* TASK DESCRIPTION *
Copy all the data exactly, except the pictures.

* PROVIDED MATERIAL *
☆ ☆ ☆ ☆ ☆
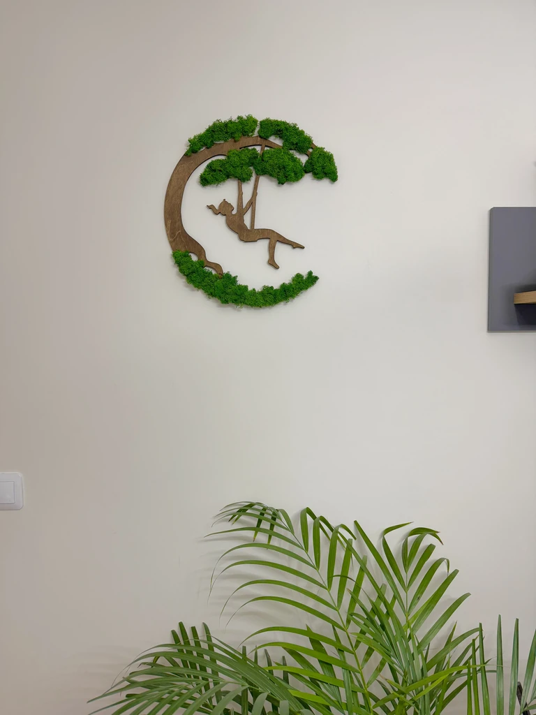 Suchen Sie nach einem besonderen Blickfang, der perfekt zu Ihrem Stil passt? Das Moosbild „Mädchen auf Schaukel“ von Ekomoss ist ein handgefertigtes Kunstwerk, das wir ganz nach Ihren Wünschen anpassen. Diese exklusive Mooskunst verbindet eine elegante Holz-Silhouette mit echtem, konserviertem Moos zu einem zeitlosen Design-Objekt für Ihren Innenraum.
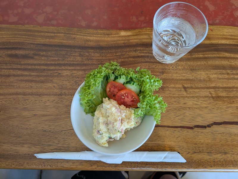ところで、昨日の20時頃から何も食べてなかったから、超腹ペコでランチに出かけた。一昨日伺った日本食レストランに。17時間ぶりの食事はまた大当たり。ハンバーグランチとポテサラで155,000LAK(約1,100円)ってところ。今日は画像撮ってきた。車いすで行ける距離で、車いすで入れる店だと、ここが一番かしら。ビィエンチャン滞在中は、お世話になる感じかも〜(笑)
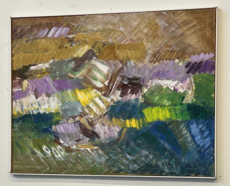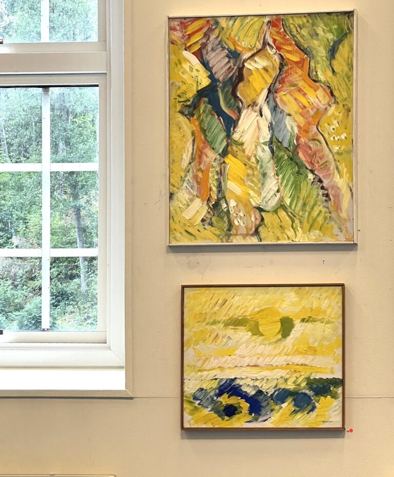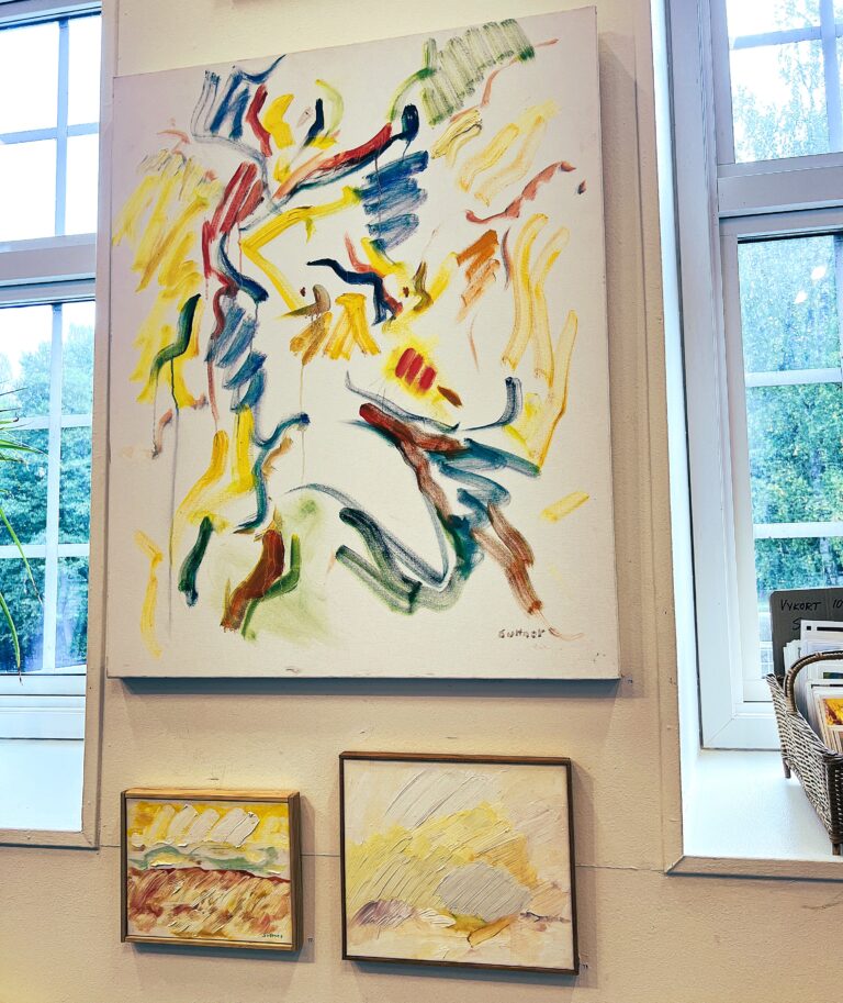 Vägg i vägg gick vi in i Dalslands Center som hade en intressant retrospektiv utställning med verk av George Suttner. Titel: ”Färg-Form-Rytm”
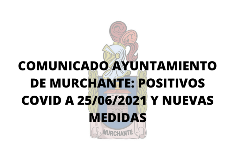 General COMUNICADO AYUNTAMIENTO DE MURCHANTE: POSITIVOS COVID A 25/06/2021 Y NUEVAS MEDIDAS Leer más » 25 junio, 2021
☆ ☆ ☆ ☆ ☆
* SOLUTION TO THIS EXERCISE *
 Suchen Sie nach einem besonderen Blickfang, der perfekt zu Ihrem Stil passt? Das Moosbild „Mädchen auf Schaukel“ von Ekomoss ist ein handgefertigtes Kunstwerk, das wir ganz nach Ihren Wünschen anpassen. Diese exklusive Mooskunst verbindet eine elegante Holz-Silhouette mit echtem, konserviertem Moos zu einem zeitlosen Design-Objekt für Ihren Innenraum.
ところで、昨日の20時頃から何も食べてなかったから、超腹ペコでランチに出かけた。一昨日伺った日本食レストランに。17時間ぶりの食事はまた大当たり。ハンバーグランチとポテサラで155,000LAK(約1,100円)ってところ。今日は画像撮ってきた。車いすで行ける距離で、車いすで入れる店だと、ここが一番かしら。ビィエンチャン滞在中は、お世話になる感じかも〜(笑)
 Vägg i vägg gick vi in i Dalslands Center som hade en intressant retrospektiv utställning med verk av George Suttner. Titel: ”Färg-Form-Rytm”
 General COMUNICADO AYUNTAMIENTO DE MURCHANTE: POSITIVOS COVID A 25/06/2021 Y NUEVAS MEDIDAS Leer más » 25 junio, 2021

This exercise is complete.